A paste made with cayenne pepper seems to work with Max.


----------



## Capt Jack (Dec 29, 2011)

Too funny!Franks is good stuff tho,only second to Texas Pete!


----------



## Bentleysmom (Aug 11, 2012)

Max's Dad said:


> A paste made with cayenne pepper seems to work with Max.


That's a thought. What do you mix it with to make a paste, just water?


----------



## Max's Dad (Apr 23, 2012)

Bentleysmom said:


> That's a thought. What do you mix it with to make a paste, just water?
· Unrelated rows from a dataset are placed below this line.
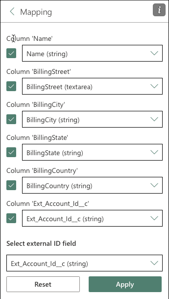 In our demo scenario, Accounts need to be synchronized with an external system, and therefore the Account object has a field named Ext. Account Id.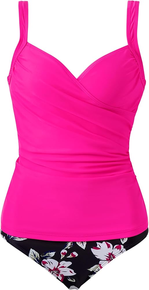 MOOSLOVER Women Twist V Neck Tankini Swimsuits High Wasited Two Piece Bathing Suits Swimwear
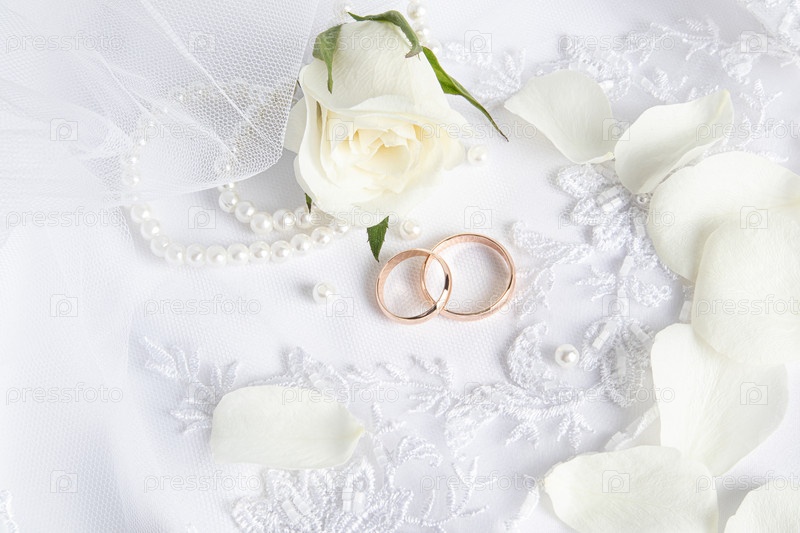 Праздничный свадебный фон. Два золотых обручальных кольца среди лепестков белых роз на атласной ткани и кружевном тюле. Вид сверху

About one cup of water with 2 tablespoons of cayenne pepper. Add a little flour to make it a paste. Paste or liquid depends on where we are using it.


----------



## Vhuynh2 (Feb 13, 2012)

I LOVE Franks hot sauce. Bentley has the same great taste in condiments. 


Sent from Petguide.com App


----------



## Bob Dylan (Mar 31, 2009)

BENTLEY, is one of a kind............LOVE HIM! Oh and I like hot sauce but it doesn't like ME!!!


----------



## Nairb (Feb 25, 2012)

Sounds like you need to kick it up a notch....

World's 10 spiciest hot sauces....

http://www.thedailymeal.com/world-s-10-spiciest-hot-sauces-slideshow


----------



## Tuco (Jan 3, 2013)

Joyce, I think this video will enlighten you on the best pepper options for Bentley 







Sent from Petguide.com Free App


----------